Data section –
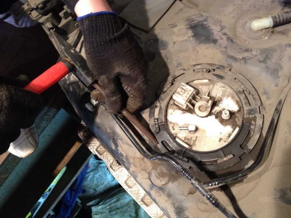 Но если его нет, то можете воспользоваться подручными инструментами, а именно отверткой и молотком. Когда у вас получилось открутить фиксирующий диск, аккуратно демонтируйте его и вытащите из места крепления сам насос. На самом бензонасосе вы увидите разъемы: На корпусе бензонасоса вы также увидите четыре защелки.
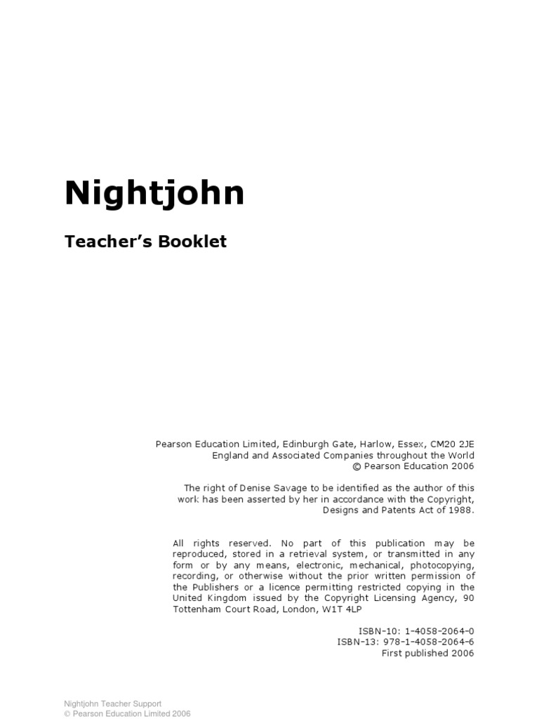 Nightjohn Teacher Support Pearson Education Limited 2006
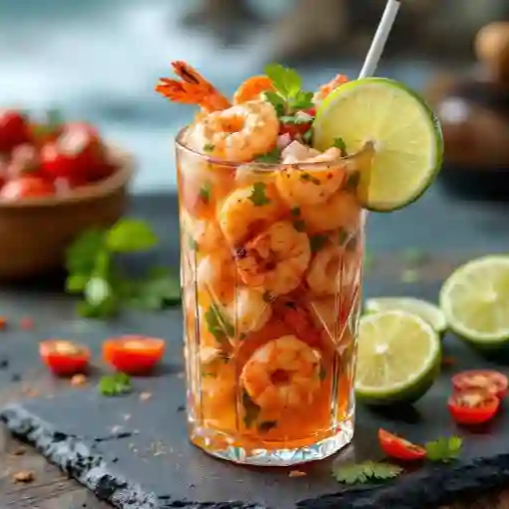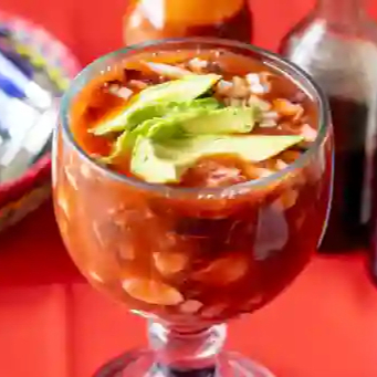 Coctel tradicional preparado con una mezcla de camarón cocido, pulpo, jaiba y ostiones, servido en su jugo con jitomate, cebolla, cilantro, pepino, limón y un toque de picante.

--

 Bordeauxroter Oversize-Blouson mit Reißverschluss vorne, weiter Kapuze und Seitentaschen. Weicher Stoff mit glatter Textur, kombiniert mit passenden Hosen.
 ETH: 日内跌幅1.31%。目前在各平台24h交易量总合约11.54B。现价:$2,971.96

* * *

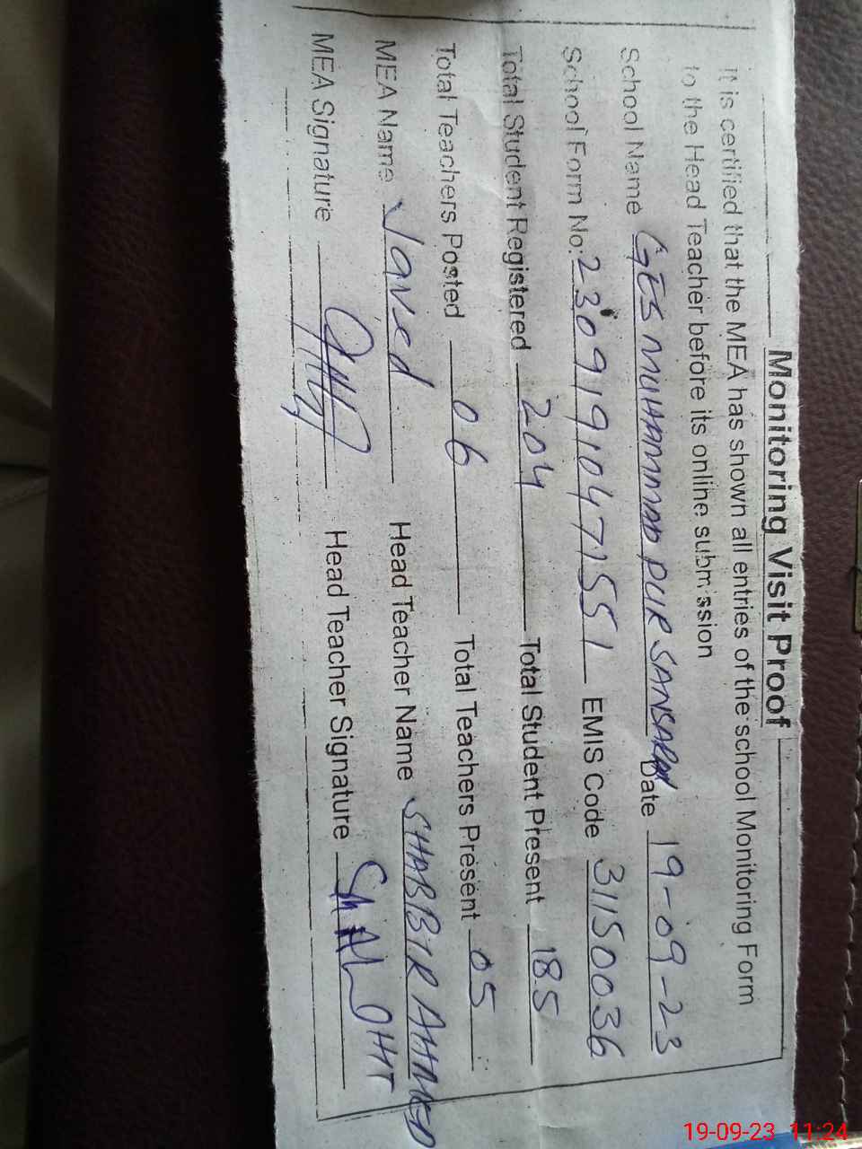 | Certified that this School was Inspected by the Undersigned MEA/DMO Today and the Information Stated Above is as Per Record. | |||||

Work instructions –
In the data above, find the line containing "Но если его" and the line containing "Coctel tradicional preparado". Copy exactly the stretch from the first through the second, both included, leaving out any picture.

Expected answer –
 Но если его нет, то можете воспользоваться подручными инструментами, а именно отверткой и молотком. Когда у вас получилось открутить фиксирующий диск, аккуратно демонтируйте его и вытащите из места крепления сам насос. На самом бензонасосе вы увидите разъемы: На корпусе бензонасоса вы также увидите четыре защелки.
 Nightjohn Teacher Support Pearson Education Limited 2006
 Coctel tradicional preparado con una mezcla de camarón cocido, pulpo, jaiba y ostiones, servido en su jugo con jitomate, cebolla, cilantro, pepino, limón y un toque de picante.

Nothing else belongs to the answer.